Сумасшедшая глянула на неё с улыбкой. И вдруг, из-за пелены безумия, мелькнуло в её глазах:
– Спасибо тебе. Дякую тобi.
Тася отшатнулась, а Надя меж тем целовала морду козы:
– Пiшли. Пiшли, Танечка. Рiдненька моя Танечка. Пiшли. То ж дoбpi люди навколо. Не лякайся. Пiшли-но. Хи-хи. Хи-хи. Хи-хи-хи-хи…
И все разошлись.
Зося и Тася пошли домой.
А сумасшедшая с козой – к себе.
Тоже домой.
Глава 4
Ракета-буги
Следующая лягушка оказалась удивительно живучей и упрямой тварью, её лапка омерзительно задёргалась во рту и опять больно царапнула нёбо. Противный вкус лягушачьей слизи, казалось, выворачивал губы, горло и всё внутри. Выворачивал с такой силой и жестокостью, что Алёшка Филиппов опять не удержался, выплюнул перекушенную слизкую кожу и упал животом на валун, заросший серым лишайником. Горечь снова обожгла горло. Ему давно уже было нечем тошнить – только желчью.

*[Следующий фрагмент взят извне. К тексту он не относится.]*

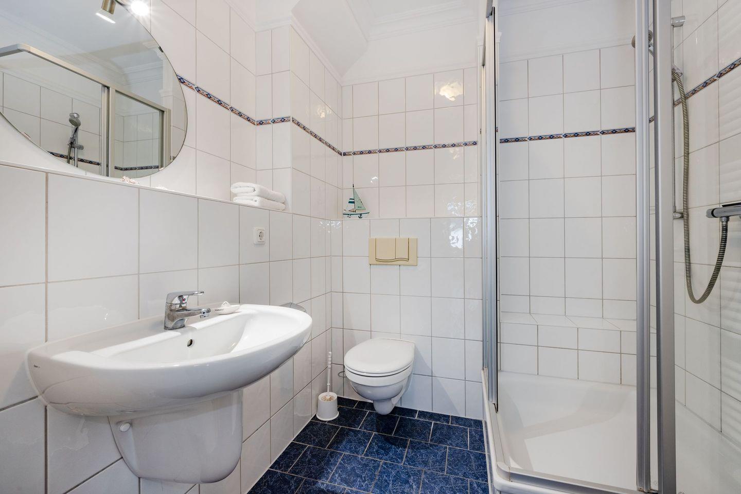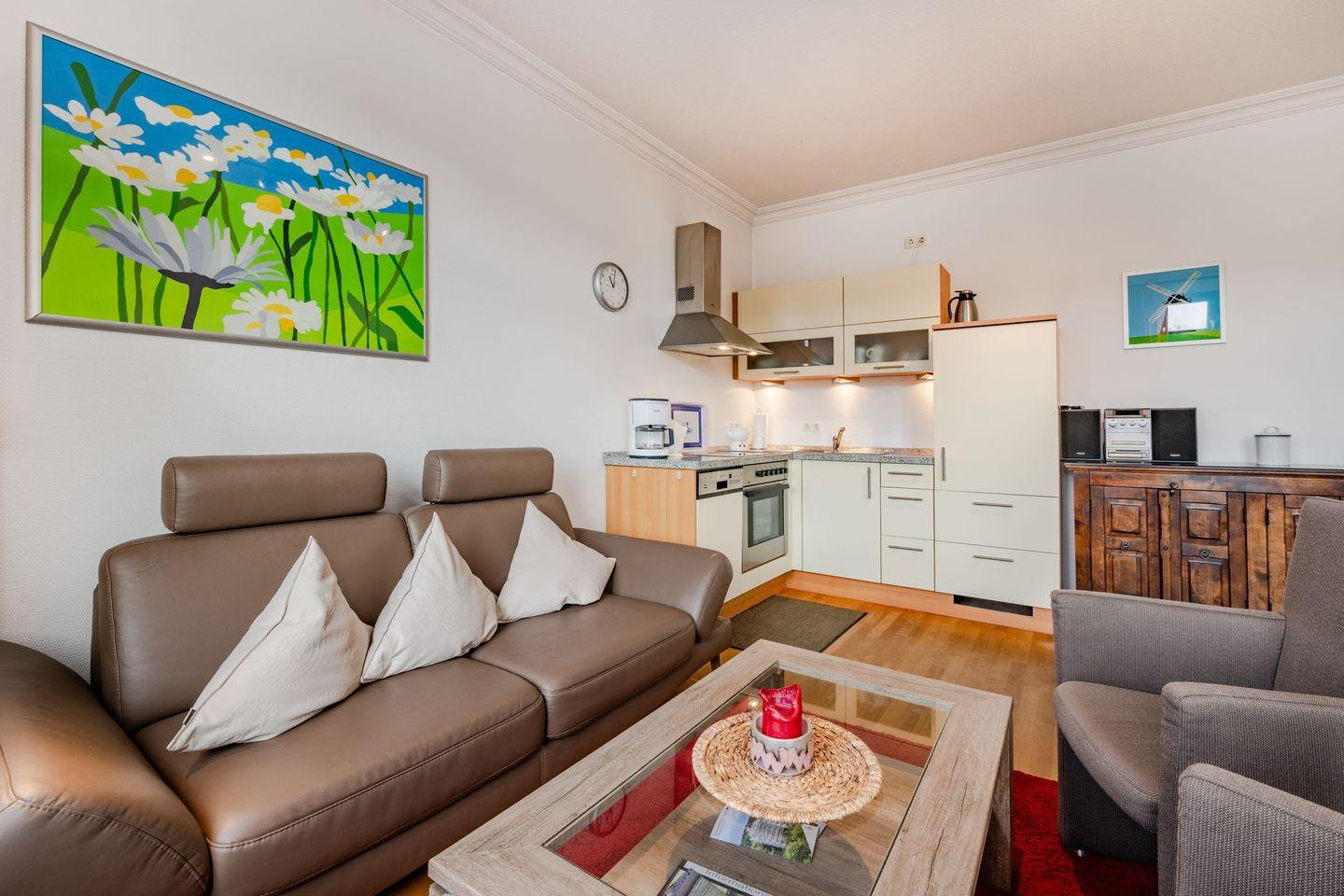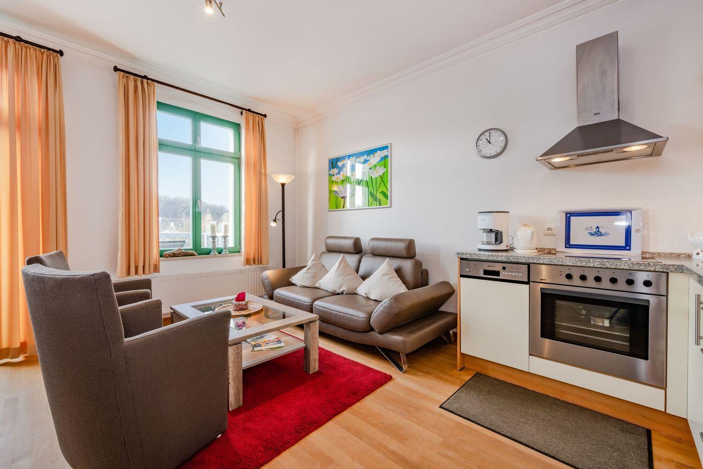 Ihr Urlaubsdomizil erstreckt sich auf 59 Quadratmetern, befindet sich in der zweiten Etage der historischen Villa und verfügt - dank zweier Schlafzimmer - über Platz für bis zu vier Personen. Der Wohnraum ist offen gestaltet und besitzt ebenfalls die Küchenzeile. Hier können Sie entweder Ihre Abende auf der gemütlichen Ledercouch mit dem Flat-TV verbringen oder dank der vollwertigen Küchenausstattung eigene Mahlzeiten zubereiten und diese zusammen mit der Familie an dem großen Esstisch genießen. Alternativ lädt der anliegende Balkon zu einem ausgiebigen Frühstück ein. Das erste Schlafzimmer ist mit einem Doppelbett und einem großen Kleiderschrank eingerichtet und verspricht erholsamen Schlaf. Das zweite Schlafzimmer verfügt über zwei Einzelbetten und ebenfalls über einen Kleiderschrank. Das Badezimmer ist mit Dusche, WC, Waschbecken und Handtuchheizung ausgestattet.

Тогда Алёшка придумал. Он переполз по камням к самой воде и попил прямо из реки, рассматривая своё отражение. Это ведь запросто можно было делать – вода в Сувалде была чистая-пречистая, мягкая, ароматная, пахшая простором и бесконечным небом, бельём на морозе, камышами и чуть-чуть рыбьей чешуёй. Поэтому-то он и напился вволю. Если что, тёплая вода догреется в животе, и тогда тошнить будет почти совсем не больно.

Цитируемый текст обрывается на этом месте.